The boys and Professor Snodgrass were walking back toward the Express, and were somewhat by themselves, when Jerry noticed the figure of a man lying on a pile of seat cushions on the railroad embankment.
“Let’s carry him back to the doctor!” cried Ned, and he advanced to take hold of one corner of the seat, which was like an improvised stretcher. The man on it never moved.
“We four can carry it nicely,” said Jerry. “Catch hold here, Professor.”
Mr. Snodgrass used one hand to reach for the corner of the plush-covered seat. His left he held clenched, some distance away from his body. As might have been expected, with only one hand, he could not lift his corner.
“What’s the matter?” asked Ned. “Is your hand hurt, Mr. Snodgrass?”
“Hand hurt? No. Why?”
“You’re not using it. Why do you hold it that funny way?”

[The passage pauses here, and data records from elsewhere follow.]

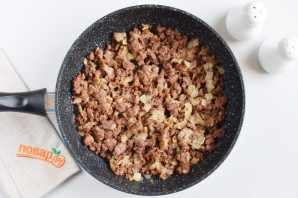 В сухой сковороде обжарьте фарш с луком, добавьте соль и перец по вкусу. Ложкой разбивайте мясные комочки, перемешивайте. В процессе фарш даст много жира и лук отлично обжарится.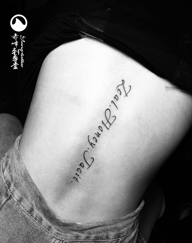 赤峰刺尊堂-字母纹身图片_腰部花体字纹身图案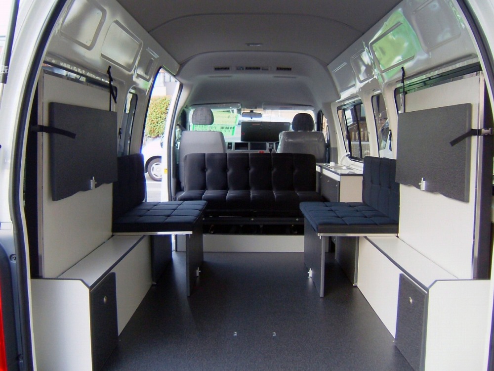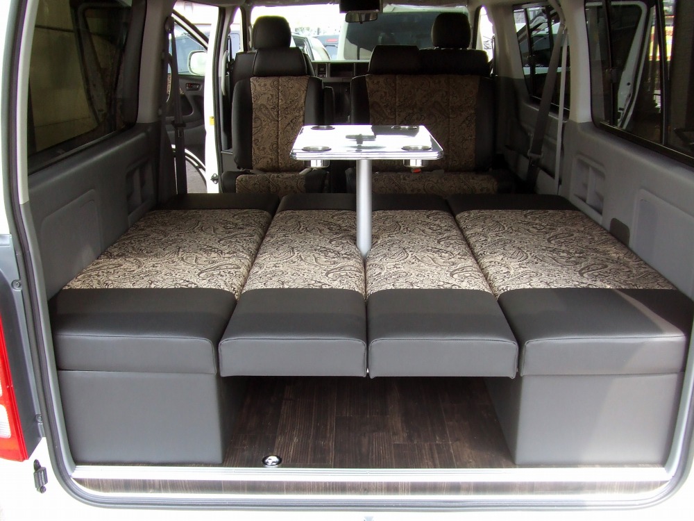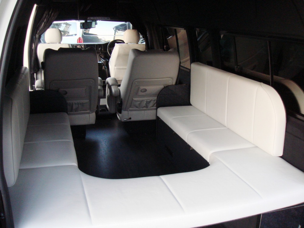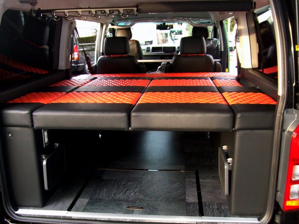 200系ハイエースを、トランポ・キャンピング・キャンパー・ラグジー・3列シートワゴン等、お客様との徹底したお打ち合わせのうえ、ご要望に合ったお客様だけの一台を製作致します。

“Funny way? I--er--bless my soul! It’s my collar button. I’ve been holding my collar button all this while. I started to put it in my shirt when I heard the call for help, and I guess I was so excited and absent-minded that I’ve been holding it ever since. I wondered why I couldn’t do more work, and all the while it was because I only used one hand. The other held the collar button. How stupid!”

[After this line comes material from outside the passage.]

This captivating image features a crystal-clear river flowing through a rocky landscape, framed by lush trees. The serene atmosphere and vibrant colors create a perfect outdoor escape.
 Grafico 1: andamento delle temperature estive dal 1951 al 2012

He thrust the button into his pocket, while the boys could hardly restrain a smile. Then, with the professor’s two-handed aid, the sufferer on the seat was carried to the rear. He had fainted from a comparatively slight injury and was soon being cared for.
A little later, with all the wounded from the Limited on board, and all the other passengers squeezed in somehow, the Express backed up, went around the wreck by means of a switch, and headed for Denver.
The boys were beating the Limited, which they had missed, but they would reach the Western city considerably in the rear of Noddy Nixon for all that, since the Limited could not now pass the local train on which the bully and his cronies were riding.
“Well, it can’t be helped,” remarked Jerry, as he saw Mr. Montrose, whose little daughter they had rescued, caring for his wife. Gladys was happy with her injured doll.